Jail for US teen who wanted to fight in Syria

Attorney Robert Pepin, the public defender for defendant Shannon Conley, speaks with members of the media following Conley's sentencing hearing, at the U.S. Federal Courthouse, in Denver, Friday Jan. 23, 2015. Shannon Conley, a 19-year-old suburban Denver woman, was sentenced to four years in prison for trying to help the so-called Islamic State militant group in Syria, under a plea deal that requires her to help authorities find others with the same intentions. (AP

A US court on Friday jailed a Colorado teenager intercepted by the FBI when she attempted to join her fiance to fight in Syria.

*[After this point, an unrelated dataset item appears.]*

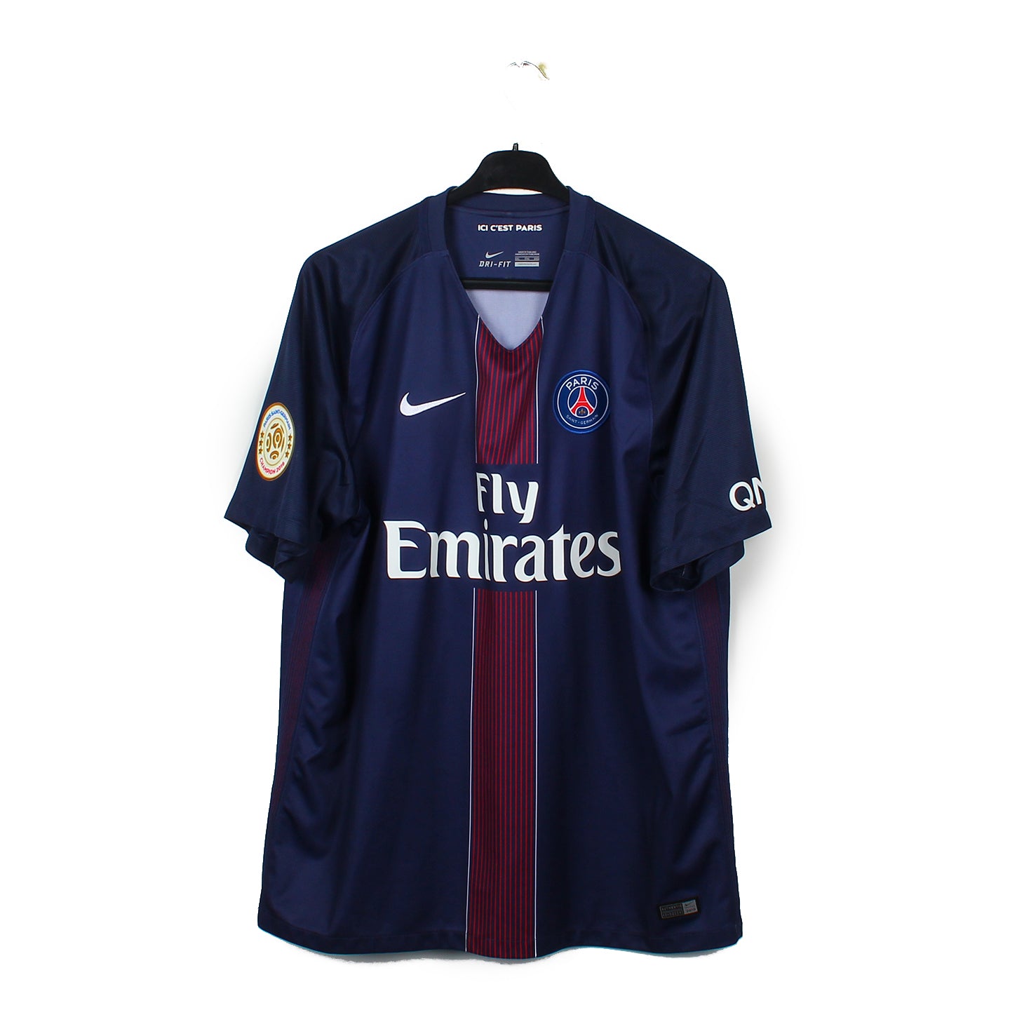 Histoire : Maillot domicile porté lors d'une saison où le PSG finira second de Ligue 1, devancé par Monaco. Leur campagne européenne se terminera au Camp Nou, soirée de la fameuse remontada.

Shannon Conley, 19, will serve four years in prison for providing and attempting to provide material support and resources to IS fighters and other groups including Al-Qaeda, the US justice department said.

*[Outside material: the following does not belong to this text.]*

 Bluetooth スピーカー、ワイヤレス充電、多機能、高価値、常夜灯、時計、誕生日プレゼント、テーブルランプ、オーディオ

Conley, who struck a plea bargain with prosecutors, had expressed a desire to wage violent jihad after meeting a man on the Internet who claimed to be an active member of IS in Syria.

The duo got engaged and worked together to have Conley travel to Syria to join her new fiance.

Before going, Conley trained to be able to fight and even joined the US Army Explorers (USAE) to be learn about military tactics and firearms. She also had first-aid training.

FBI special agents met her several times to persuade her not to carry out her plans to travel overseas to fight but she refused to listen and was arrested when she attempted to board a flight to Turkey from Denver on April 8.

A search of Conley's home revealed books and articles about terrorist groups.

"The defendant in this case got lucky," said US Attorney John Walsh.

"The FBI arrested her after determining that she had been radicalized and planned to travel to Syria to support the brutal foreign terrorist organizations operating there.

"Had she succeeded in her plan to get to Syria, she would likely have been brutalized, killed or sent back to the United States to commit other crimes."

After prison, Conley will have three years on supervised release, followed by 100 hours community service.